The trouble with moon dust

The release from the Geological Society of America:

NASA’S Dirty Secret: Moon Dust

Boulder, CO, USA–The Apollo Moon missions of 1969-1972 all share a dirty secret. “The major issue the Apollo astronauts pointed out was dust, dust, dust,” says Professor Larry Taylor, Director of the Planetary Geosciences Institute at the University of Tennessee. Fine as flour and rough as sandpaper, Moon dust caused ‘lunar hay fever,’ problems with space suits, and dust storms in the crew cabin upon returning to space.

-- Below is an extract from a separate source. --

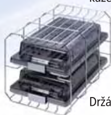
Držák „D“ Pro dvě vysoké kazety (např. pro tácy na implantáty)
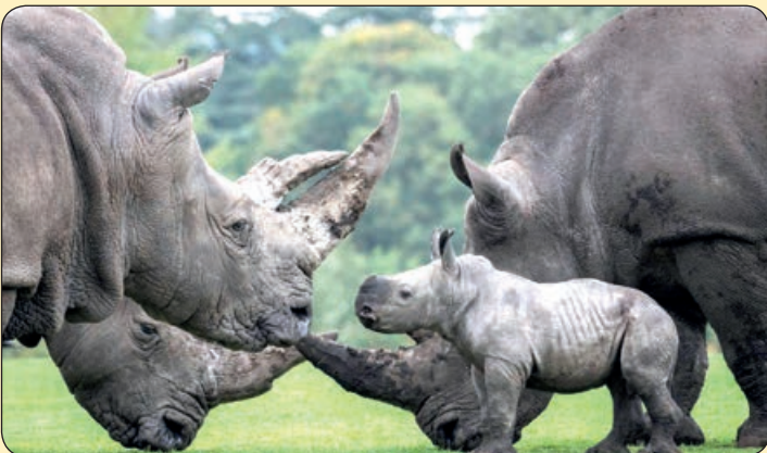
کارترز نیوز | اولین ملاقات بچه‌تاز همتولد شده کرگدن با اعضای خانواده‌اش، پارک‌سafari، انگلستان

Taylor and other scientists will present their research on lunar dust at the “Living on a Dusty Moon” session on Thursday, 9 October 2008, at the Joint Meeting of the Geological Society of America (GSA), Soil Science Society of America (SSSA), American Society of Agronomy (ASA), Crop Science Society of America (CSSA), and Gulf Coast Association of Geological Societies (GCAGS) in Houston, Texas, USA. NASA will use these findings to plan a safer manned mission to the Moon in 2018. Taylor will also deliver a Pardee Keynote Session talk on Sunday, 5 October 2008 entitled “Formation and Evolution of Lunar Soil from An Apollo Perspective.”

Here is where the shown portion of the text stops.